[Prompt]
Your copy of the entries below should hold exactly the lines from the one containing "RTA 90s Grey" to the one containing "Ortho Minéraux a", inclusive, and no pictures.

[Records for processing]
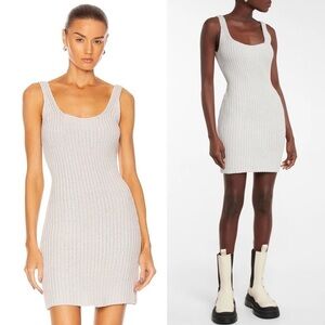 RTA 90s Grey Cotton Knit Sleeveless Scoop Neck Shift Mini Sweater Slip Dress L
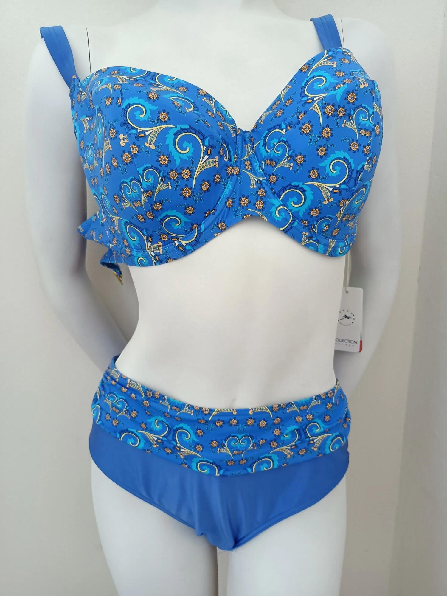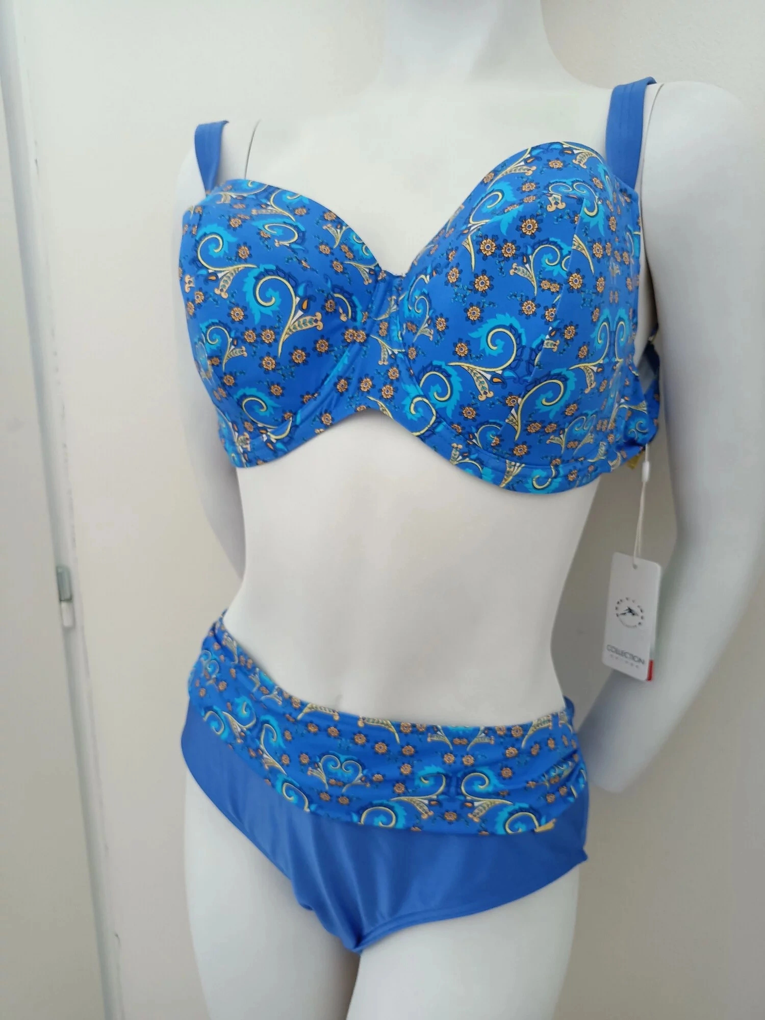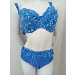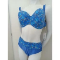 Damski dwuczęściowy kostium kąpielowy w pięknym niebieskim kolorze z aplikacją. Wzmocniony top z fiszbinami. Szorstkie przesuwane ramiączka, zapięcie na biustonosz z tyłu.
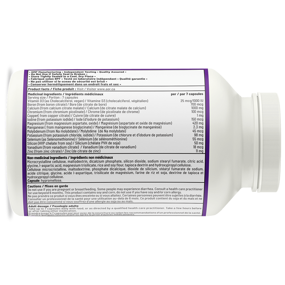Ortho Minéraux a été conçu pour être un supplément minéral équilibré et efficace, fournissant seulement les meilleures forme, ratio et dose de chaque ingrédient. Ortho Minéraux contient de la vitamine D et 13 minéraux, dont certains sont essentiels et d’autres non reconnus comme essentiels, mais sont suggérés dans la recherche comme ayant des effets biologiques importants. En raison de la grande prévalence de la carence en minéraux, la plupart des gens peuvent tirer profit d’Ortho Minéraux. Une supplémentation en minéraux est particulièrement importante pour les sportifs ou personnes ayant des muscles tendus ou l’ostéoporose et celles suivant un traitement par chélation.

--

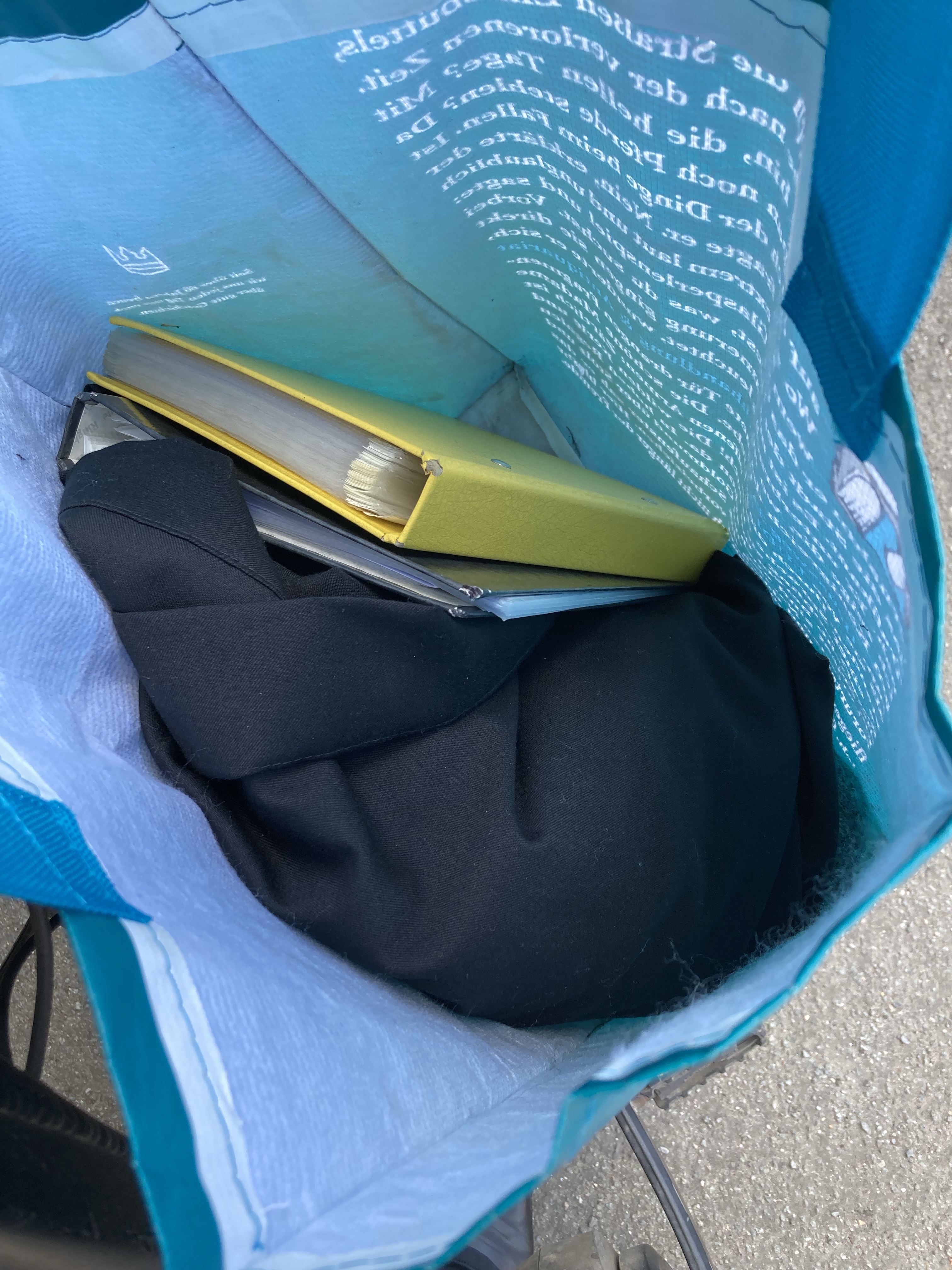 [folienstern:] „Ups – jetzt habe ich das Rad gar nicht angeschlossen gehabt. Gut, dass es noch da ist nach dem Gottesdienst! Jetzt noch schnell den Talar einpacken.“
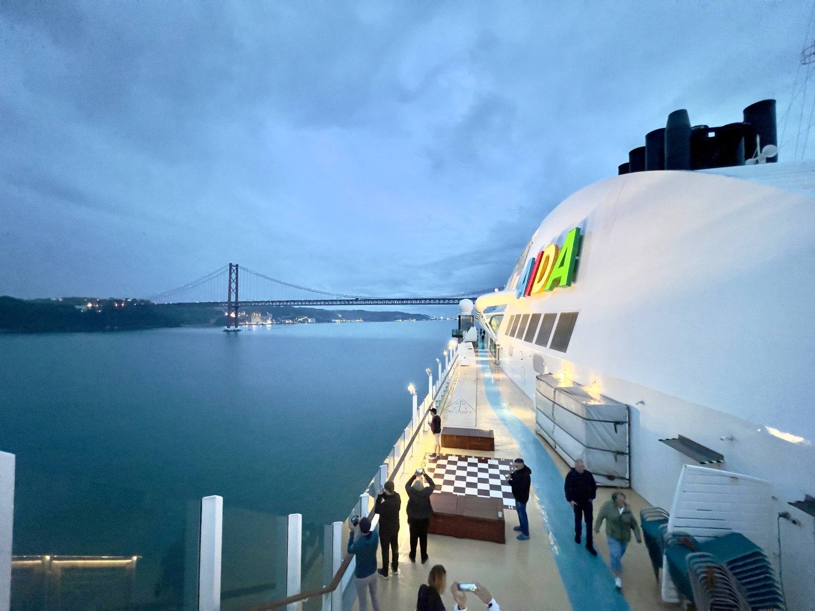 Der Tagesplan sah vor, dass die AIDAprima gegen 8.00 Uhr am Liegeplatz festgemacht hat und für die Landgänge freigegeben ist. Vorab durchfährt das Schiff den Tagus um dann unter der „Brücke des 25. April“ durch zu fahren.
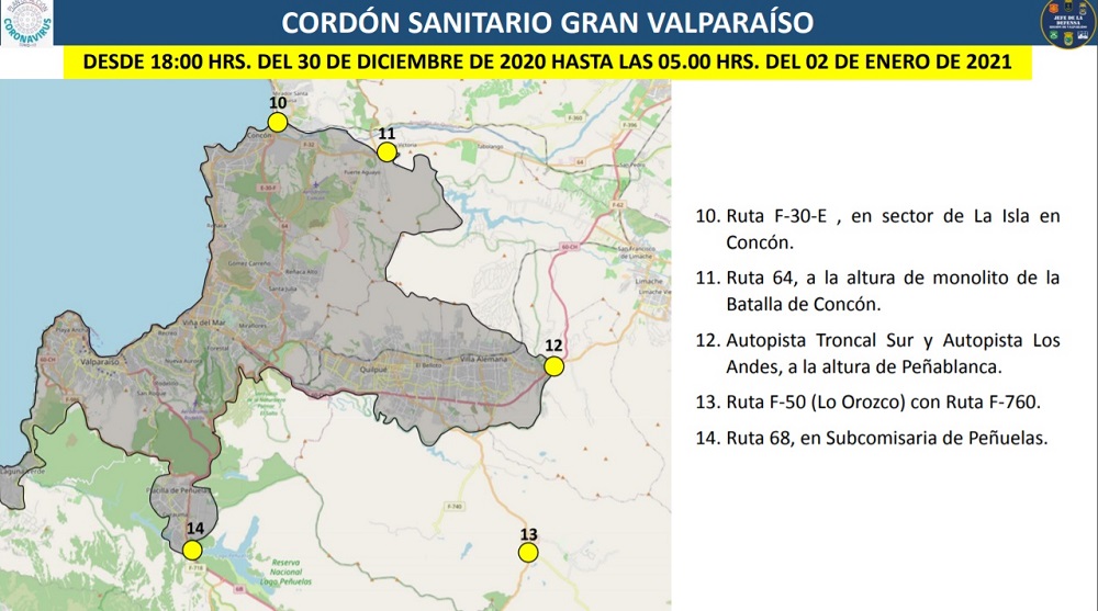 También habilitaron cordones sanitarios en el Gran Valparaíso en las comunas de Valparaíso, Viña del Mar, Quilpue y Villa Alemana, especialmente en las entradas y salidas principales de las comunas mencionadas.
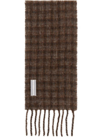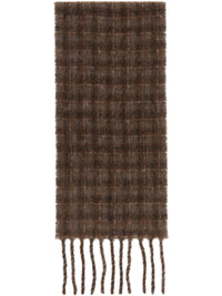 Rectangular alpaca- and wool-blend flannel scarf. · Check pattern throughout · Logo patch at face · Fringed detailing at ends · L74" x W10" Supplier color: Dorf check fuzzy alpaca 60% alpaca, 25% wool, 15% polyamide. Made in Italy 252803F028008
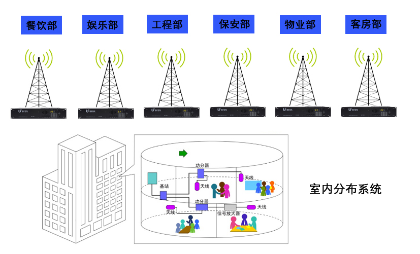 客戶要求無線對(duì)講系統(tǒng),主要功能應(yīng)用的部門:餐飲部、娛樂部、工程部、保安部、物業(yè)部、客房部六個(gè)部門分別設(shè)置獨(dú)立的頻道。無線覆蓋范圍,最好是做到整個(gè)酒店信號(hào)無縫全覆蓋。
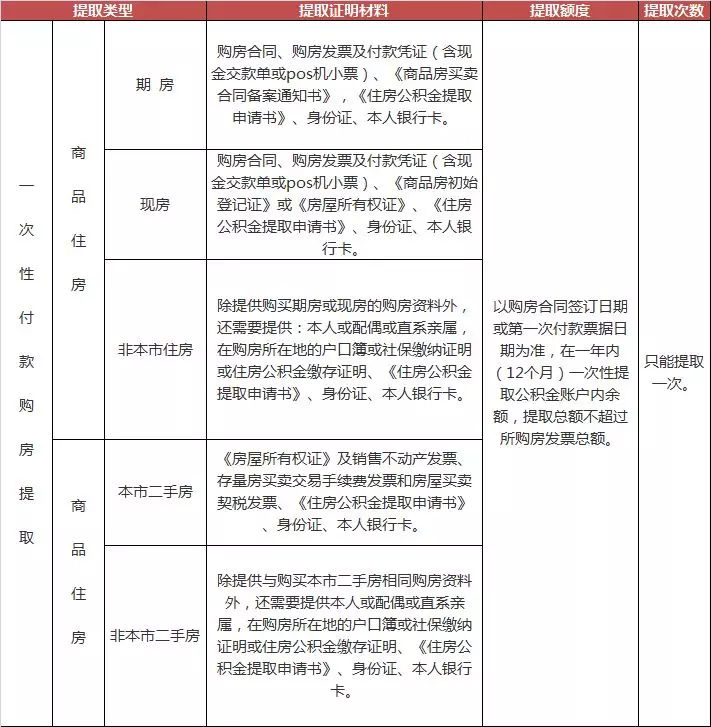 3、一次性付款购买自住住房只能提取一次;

[Solution]
 RTA 90s Grey Cotton Knit Sleeveless Scoop Neck Shift Mini Sweater Slip Dress L
 Damski dwuczęściowy kostium kąpielowy w pięknym niebieskim kolorze z aplikacją. Wzmocniony top z fiszbinami. Szorstkie przesuwane ramiączka, zapięcie na biustonosz z tyłu.
Ortho Minéraux a été conçu pour être un supplément minéral équilibré et efficace, fournissant seulement les meilleures forme, ratio et dose de chaque ingrédient. Ortho Minéraux contient de la vitamine D et 13 minéraux, dont certains sont essentiels et d’autres non reconnus comme essentiels, mais sont suggérés dans la recherche comme ayant des effets biologiques importants. En raison de la grande prévalence de la carence en minéraux, la plupart des gens peuvent tirer profit d’Ortho Minéraux. Une supplémentation en minéraux est particulièrement importante pour les sportifs ou personnes ayant des muscles tendus ou l’ostéoporose et celles suivant un traitement par chélation.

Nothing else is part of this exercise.